* _TASK TO COMPLETE_
Using the data below, print exactly the line with "Ra quân Ngày", the line with "特別養護老人ホーム サンライフ問屋町", and every line between them, but none of the pictures.

* _DATA PROVIDED_
::::::
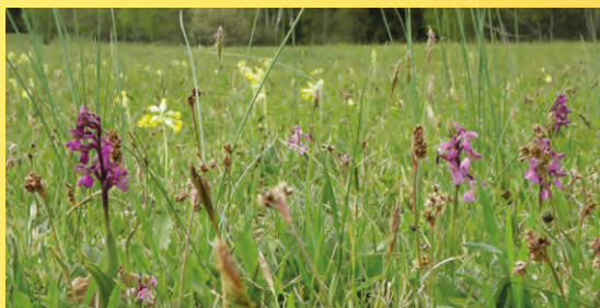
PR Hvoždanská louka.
::::::
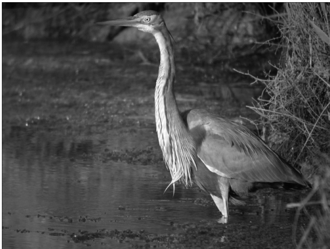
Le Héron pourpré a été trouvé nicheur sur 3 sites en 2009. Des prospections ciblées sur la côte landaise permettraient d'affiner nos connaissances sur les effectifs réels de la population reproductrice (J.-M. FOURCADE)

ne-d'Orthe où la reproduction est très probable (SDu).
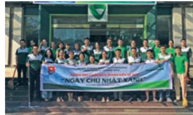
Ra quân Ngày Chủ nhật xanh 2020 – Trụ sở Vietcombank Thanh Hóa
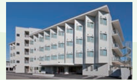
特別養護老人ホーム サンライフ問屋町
::::::
* _YOUR RESPONSE_
Ra quân Ngày Chủ nhật xanh 2020 – Trụ sở Vietcombank Thanh Hóa
特別養護老人ホーム サンライフ問屋町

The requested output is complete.